Now forming the Gram matrix, Phi Phi', for the type of graph above one obtains the characteristic polynomial,
p(x) = x(a0 + a1 x + a2 x^2 + ... + x^m-2)(x-m)
where a0 = number of spanning trees = the product of the roots of the middle factor.
The roots for this type graph seem always to be integers (for the few examples I've tried), but I haven't been able to prove this.
(ii) Second this polynomial seems to be related to another characteristic polynomial of a full rank ExE matrix that describes the system of fundamental cut sets and cycles of the graph relative to any given spanning tree.
The formation of this matrix is involved: 1. Let Phi(i) be obtained by deleting the ith row.
2. Let G = -[(Phi(i)A' )^(-1)] [Phi(i)B'] where A' selects the columns of Phi corresponding the branches of a given spanning tree, and B' selects the columns corresponding to the chords. G then is |T|x|T^C| and describes the system of fundamental cuts and cycles.

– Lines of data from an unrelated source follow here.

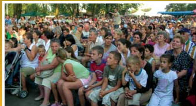
Egy a sok sikeres rendezvény közül
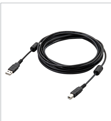
USBケーブル FH-VUAB 5M
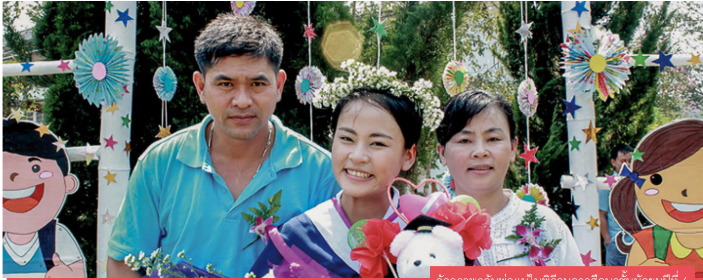
อัจฉราพรกับพ่อแม่ในพิธีจบการศึกษาชั้นมัธยมปีที่ 6
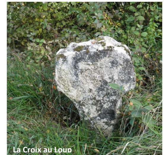
La Croix au Loup

Curiosités: roches de Meuse, points de vue, vestiges de guerre, croix, bornes armoriées, et promenade des Capucins.

3. Form the full rank ExE matrix, Theta = I + (A'GB - B'G'A) = I + S, where the second terms on the right are skew symmetric. This is another way of describing the system of fundamental cuts and cycles of a given spanning tree. I was able to show that the determinant of Theta is the number of spanning trees by induction on the number of edges.
Now the characteristic polynomial of S has the form
f(y) = y^k(c0 + c2 y^2 + c4 y^4 + ... + y^2n)
where E = 2n + k and the the sum of the coefficients c0 + c1 + c4 + ... + 1 is the number of spanning trees.
If we rewrite the second factor as
h(x) = c0 + c1 x + c2 x^2 + ... + x^n
and pad h(x) with enough zero roots if neccessary so that its degree is m-2 where m is the number of vertices, then in regards to (i) above
p(x) = x h(1-x) (x-m)
But I can't prove this nor can I show that the roots of h(x) are also always integers. Also we only have m-1 <= 2n+k <= m(m-1)/2, but this admits the possibility that n > m-2 and in the few examples I've tried this never happens. I've haven't tried many examples though.